**Problem to solve**. Write out all of the listing exactly. Add nothing to it.

-*-

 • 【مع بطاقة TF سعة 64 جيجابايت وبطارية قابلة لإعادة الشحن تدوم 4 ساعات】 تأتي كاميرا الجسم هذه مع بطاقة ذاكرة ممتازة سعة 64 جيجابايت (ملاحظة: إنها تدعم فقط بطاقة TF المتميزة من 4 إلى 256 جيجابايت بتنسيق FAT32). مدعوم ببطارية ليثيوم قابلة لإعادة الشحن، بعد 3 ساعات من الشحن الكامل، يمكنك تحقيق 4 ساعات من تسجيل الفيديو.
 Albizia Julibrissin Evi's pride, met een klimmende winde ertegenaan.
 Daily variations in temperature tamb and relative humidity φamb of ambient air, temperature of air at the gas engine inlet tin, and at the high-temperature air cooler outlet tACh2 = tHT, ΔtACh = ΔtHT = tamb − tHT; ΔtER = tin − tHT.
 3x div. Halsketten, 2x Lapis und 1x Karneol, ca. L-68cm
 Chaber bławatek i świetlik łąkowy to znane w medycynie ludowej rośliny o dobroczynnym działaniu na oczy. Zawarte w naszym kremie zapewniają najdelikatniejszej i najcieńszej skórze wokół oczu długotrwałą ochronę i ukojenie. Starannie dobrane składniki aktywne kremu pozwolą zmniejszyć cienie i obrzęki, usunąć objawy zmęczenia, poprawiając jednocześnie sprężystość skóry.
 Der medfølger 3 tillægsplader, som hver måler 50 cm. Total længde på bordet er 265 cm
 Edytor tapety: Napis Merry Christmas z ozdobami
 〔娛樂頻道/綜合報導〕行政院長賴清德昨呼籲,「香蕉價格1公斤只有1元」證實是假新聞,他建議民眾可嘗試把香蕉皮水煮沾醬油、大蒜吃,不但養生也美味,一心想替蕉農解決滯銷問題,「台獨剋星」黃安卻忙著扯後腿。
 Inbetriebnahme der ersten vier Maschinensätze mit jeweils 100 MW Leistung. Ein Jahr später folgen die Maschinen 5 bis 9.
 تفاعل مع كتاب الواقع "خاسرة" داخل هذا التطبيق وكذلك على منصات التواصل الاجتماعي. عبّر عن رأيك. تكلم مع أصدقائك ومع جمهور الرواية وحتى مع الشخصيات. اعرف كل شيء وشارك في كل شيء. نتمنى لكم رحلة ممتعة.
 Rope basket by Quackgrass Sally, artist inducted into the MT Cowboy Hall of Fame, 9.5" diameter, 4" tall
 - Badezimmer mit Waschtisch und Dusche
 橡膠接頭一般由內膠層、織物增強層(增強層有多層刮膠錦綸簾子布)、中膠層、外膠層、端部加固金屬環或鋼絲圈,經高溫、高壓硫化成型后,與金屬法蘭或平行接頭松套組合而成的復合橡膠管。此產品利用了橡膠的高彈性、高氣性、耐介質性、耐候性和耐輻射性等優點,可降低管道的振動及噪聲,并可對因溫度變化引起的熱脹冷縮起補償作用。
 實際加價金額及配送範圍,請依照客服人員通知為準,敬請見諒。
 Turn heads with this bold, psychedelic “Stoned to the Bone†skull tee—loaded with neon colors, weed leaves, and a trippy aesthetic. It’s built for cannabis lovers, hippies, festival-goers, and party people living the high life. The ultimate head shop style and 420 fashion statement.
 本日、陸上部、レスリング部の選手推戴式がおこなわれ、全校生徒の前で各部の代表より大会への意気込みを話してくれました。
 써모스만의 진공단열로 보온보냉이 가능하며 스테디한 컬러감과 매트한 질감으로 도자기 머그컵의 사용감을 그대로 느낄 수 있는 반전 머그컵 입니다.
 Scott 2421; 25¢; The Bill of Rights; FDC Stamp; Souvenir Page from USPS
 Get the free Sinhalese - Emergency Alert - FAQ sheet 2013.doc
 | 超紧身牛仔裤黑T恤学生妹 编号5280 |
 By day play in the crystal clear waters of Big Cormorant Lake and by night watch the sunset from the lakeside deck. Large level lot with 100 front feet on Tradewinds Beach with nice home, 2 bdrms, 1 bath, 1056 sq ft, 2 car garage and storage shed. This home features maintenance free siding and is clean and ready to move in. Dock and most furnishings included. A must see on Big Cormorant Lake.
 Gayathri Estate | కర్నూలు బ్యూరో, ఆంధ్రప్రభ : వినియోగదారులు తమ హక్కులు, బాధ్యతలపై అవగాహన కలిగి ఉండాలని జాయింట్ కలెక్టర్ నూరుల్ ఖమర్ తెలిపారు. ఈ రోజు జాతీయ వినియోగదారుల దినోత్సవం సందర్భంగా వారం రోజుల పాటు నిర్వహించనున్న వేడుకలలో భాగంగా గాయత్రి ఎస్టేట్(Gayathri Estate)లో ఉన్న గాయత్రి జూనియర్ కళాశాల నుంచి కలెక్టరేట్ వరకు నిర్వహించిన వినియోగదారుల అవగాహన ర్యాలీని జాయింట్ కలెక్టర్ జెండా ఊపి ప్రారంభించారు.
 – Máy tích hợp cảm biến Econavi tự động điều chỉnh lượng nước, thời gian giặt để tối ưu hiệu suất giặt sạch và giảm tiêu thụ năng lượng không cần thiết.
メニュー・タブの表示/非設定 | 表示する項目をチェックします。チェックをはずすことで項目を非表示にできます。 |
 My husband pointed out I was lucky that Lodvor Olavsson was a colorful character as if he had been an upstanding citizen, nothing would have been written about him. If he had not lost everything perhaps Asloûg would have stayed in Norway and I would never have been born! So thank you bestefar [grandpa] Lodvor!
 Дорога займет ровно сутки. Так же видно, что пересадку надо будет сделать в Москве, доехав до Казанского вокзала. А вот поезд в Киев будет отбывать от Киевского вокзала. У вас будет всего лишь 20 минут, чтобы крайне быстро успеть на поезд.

-*-

**Task output**.
 • 【مع بطاقة TF سعة 64 جيجابايت وبطارية قابلة لإعادة الشحن تدوم 4 ساعات】 تأتي كاميرا الجسم هذه مع بطاقة ذاكرة ممتازة سعة 64 جيجابايت (ملاحظة: إنها تدعم فقط بطاقة TF المتميزة من 4 إلى 256 جيجابايت بتنسيق FAT32). مدعوم ببطارية ليثيوم قابلة لإعادة الشحن، بعد 3 ساعات من الشحن الكامل، يمكنك تحقيق 4 ساعات من تسجيل الفيديو.
 Albizia Julibrissin Evi's pride, met een klimmende winde ertegenaan.
 Daily variations in temperature tamb and relative humidity φamb of ambient air, temperature of air at the gas engine inlet tin, and at the high-temperature air cooler outlet tACh2 = tHT, ΔtACh = ΔtHT = tamb − tHT; ΔtER = tin − tHT.
 3x div. Halsketten, 2x Lapis und 1x Karneol, ca. L-68cm
 Chaber bławatek i świetlik łąkowy to znane w medycynie ludowej rośliny o dobroczynnym działaniu na oczy. Zawarte w naszym kremie zapewniają najdelikatniejszej i najcieńszej skórze wokół oczu długotrwałą ochronę i ukojenie. Starannie dobrane składniki aktywne kremu pozwolą zmniejszyć cienie i obrzęki, usunąć objawy zmęczenia, poprawiając jednocześnie sprężystość skóry.
 Der medfølger 3 tillægsplader, som hver måler 50 cm. Total længde på bordet er 265 cm
 Edytor tapety: Napis Merry Christmas z ozdobami
 〔娛樂頻道/綜合報導〕行政院長賴清德昨呼籲,「香蕉價格1公斤只有1元」證實是假新聞,他建議民眾可嘗試把香蕉皮水煮沾醬油、大蒜吃,不但養生也美味,一心想替蕉農解決滯銷問題,「台獨剋星」黃安卻忙著扯後腿。
 Inbetriebnahme der ersten vier Maschinensätze mit jeweils 100 MW Leistung. Ein Jahr später folgen die Maschinen 5 bis 9.
 تفاعل مع كتاب الواقع "خاسرة" داخل هذا التطبيق وكذلك على منصات التواصل الاجتماعي. عبّر عن رأيك. تكلم مع أصدقائك ومع جمهور الرواية وحتى مع الشخصيات. اعرف كل شيء وشارك في كل شيء. نتمنى لكم رحلة ممتعة.
 Rope basket by Quackgrass Sally, artist inducted into the MT Cowboy Hall of Fame, 9.5" diameter, 4" tall
 - Badezimmer mit Waschtisch und Dusche
 橡膠接頭一般由內膠層、織物增強層(增強層有多層刮膠錦綸簾子布)、中膠層、外膠層、端部加固金屬環或鋼絲圈,經高溫、高壓硫化成型后,與金屬法蘭或平行接頭松套組合而成的復合橡膠管。此產品利用了橡膠的高彈性、高氣性、耐介質性、耐候性和耐輻射性等優點,可降低管道的振動及噪聲,并可對因溫度變化引起的熱脹冷縮起補償作用。
 實際加價金額及配送範圍,請依照客服人員通知為準,敬請見諒。
 Turn heads with this bold, psychedelic “Stoned to the Bone†skull tee—loaded with neon colors, weed leaves, and a trippy aesthetic. It’s built for cannabis lovers, hippies, festival-goers, and party people living the high life. The ultimate head shop style and 420 fashion statement.
 本日、陸上部、レスリング部の選手推戴式がおこなわれ、全校生徒の前で各部の代表より大会への意気込みを話してくれました。
 써모스만의 진공단열로 보온보냉이 가능하며 스테디한 컬러감과 매트한 질감으로 도자기 머그컵의 사용감을 그대로 느낄 수 있는 반전 머그컵 입니다.
 Scott 2421; 25¢; The Bill of Rights; FDC Stamp; Souvenir Page from USPS
 Get the free Sinhalese - Emergency Alert - FAQ sheet 2013.doc
 | 超紧身牛仔裤黑T恤学生妹 编号5280 |
 By day play in the crystal clear waters of Big Cormorant Lake and by night watch the sunset from the lakeside deck. Large level lot with 100 front feet on Tradewinds Beach with nice home, 2 bdrms, 1 bath, 1056 sq ft, 2 car garage and storage shed. This home features maintenance free siding and is clean and ready to move in. Dock and most furnishings included. A must see on Big Cormorant Lake.
 Gayathri Estate | కర్నూలు బ్యూరో, ఆంధ్రప్రభ : వినియోగదారులు తమ హక్కులు, బాధ్యతలపై అవగాహన కలిగి ఉండాలని జాయింట్ కలెక్టర్ నూరుల్ ఖమర్ తెలిపారు. ఈ రోజు జాతీయ వినియోగదారుల దినోత్సవం సందర్భంగా వారం రోజుల పాటు నిర్వహించనున్న వేడుకలలో భాగంగా గాయత్రి ఎస్టేట్(Gayathri Estate)లో ఉన్న గాయత్రి జూనియర్ కళాశాల నుంచి కలెక్టరేట్ వరకు నిర్వహించిన వినియోగదారుల అవగాహన ర్యాలీని జాయింట్ కలెక్టర్ జెండా ఊపి ప్రారంభించారు.
 – Máy tích hợp cảm biến Econavi tự động điều chỉnh lượng nước, thời gian giặt để tối ưu hiệu suất giặt sạch và giảm tiêu thụ năng lượng không cần thiết.
メニュー・タブの表示/非設定 | 表示する項目をチェックします。チェックをはずすことで項目を非表示にできます。 |
 My husband pointed out I was lucky that Lodvor Olavsson was a colorful character as if he had been an upstanding citizen, nothing would have been written about him. If he had not lost everything perhaps Asloûg would have stayed in Norway and I would never have been born! So thank you bestefar [grandpa] Lodvor!
 Дорога займет ровно сутки. Так же видно, что пересадку надо будет сделать в Москве, доехав до Казанского вокзала. А вот поезд в Киев будет отбывать от Киевского вокзала. У вас будет всего лишь 20 минут, чтобы крайне быстро успеть на поезд.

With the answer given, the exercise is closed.